The rumbustious era of the red-tops is over. The circulations of those papers were in decline before the internet accelerated the trend. The peak circulation of the Daily Mirror was 1966 and the high point for The Sun was the Thatcher years in the 1980s. The phone-hacking trial only served to underline how far back in history the self-confidence of that kind of journalism was. Max Clifford, the most successful broker of kiss-and-tell, is in jail.

Note also that the trial was for offences that always were crimes against the law. Acquitted or convicted, the defendants were made accountable to the law—the single most important lesson that such a trial can teach. No one, however glamorous, powerful and well connected is beyond the law’s reach, even if it plods slowly to a result.
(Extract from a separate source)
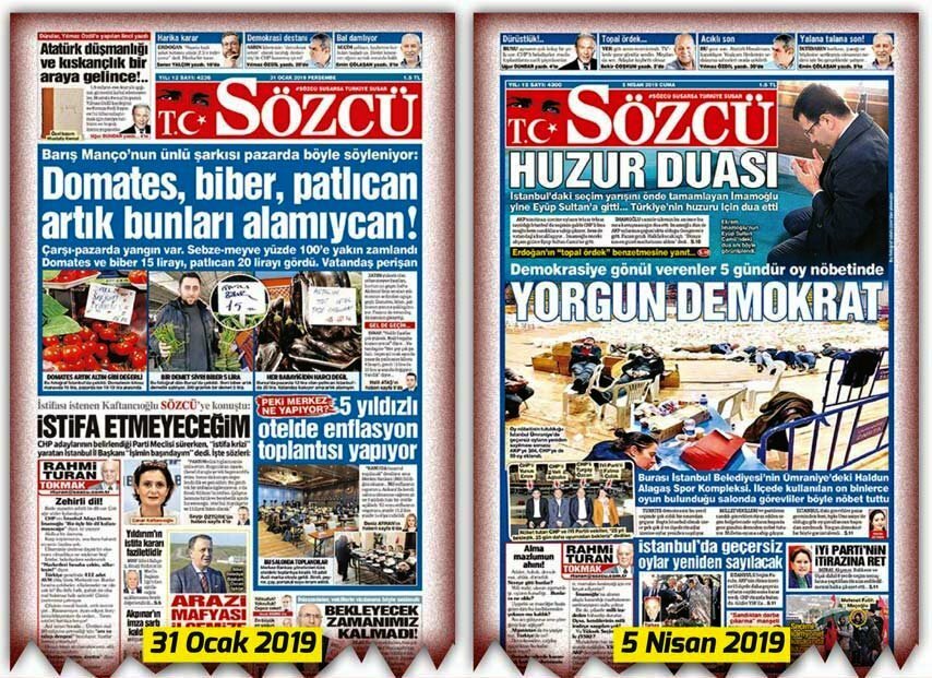 15 ulusal gazeteden 5 bin 475 manşetin MediaCat Yazı İşleri Ekibi tarafından ön elemeden geçirilip, toplamda 135 manşetin değerlendirildiği çalışmada, 01 Aralık 2018-30 Kasım 2019 tarihleri arasındaki gazete manşetleri değerlendirmeye alındı. SÖZCÜ’nün 31 Ocak 2019 tarihli Halil Ataş imzalı “Domates, biber, patlıcan… Artık bunları alamıycan” başlıklı manşeti ile Hande Zeyrek’in 5 Nisan 2019 tarihli “Yorgun Demokrat” başlıklı manşeti en iyi manşetler sıralamasına girdi.

Regulation of the “press”—whatever that may now be—is supposed to deal with bad behavior that is not against the law. Because the worst behaviour was criminal and because the tabloid papers are losing influence and profitability, the regulation debate is marooned. Many voices urge the control of journalism they don’t like, but it is rare that any two people agree on what exactly is dislikable enough to be punishable.

There is no easy route out of this. Much, even the occasional illegality, can be forgiven if the journalist can show public value in what she or he did. The real problem faced by the red-tops is that they long ago stopped using that as their benchmark.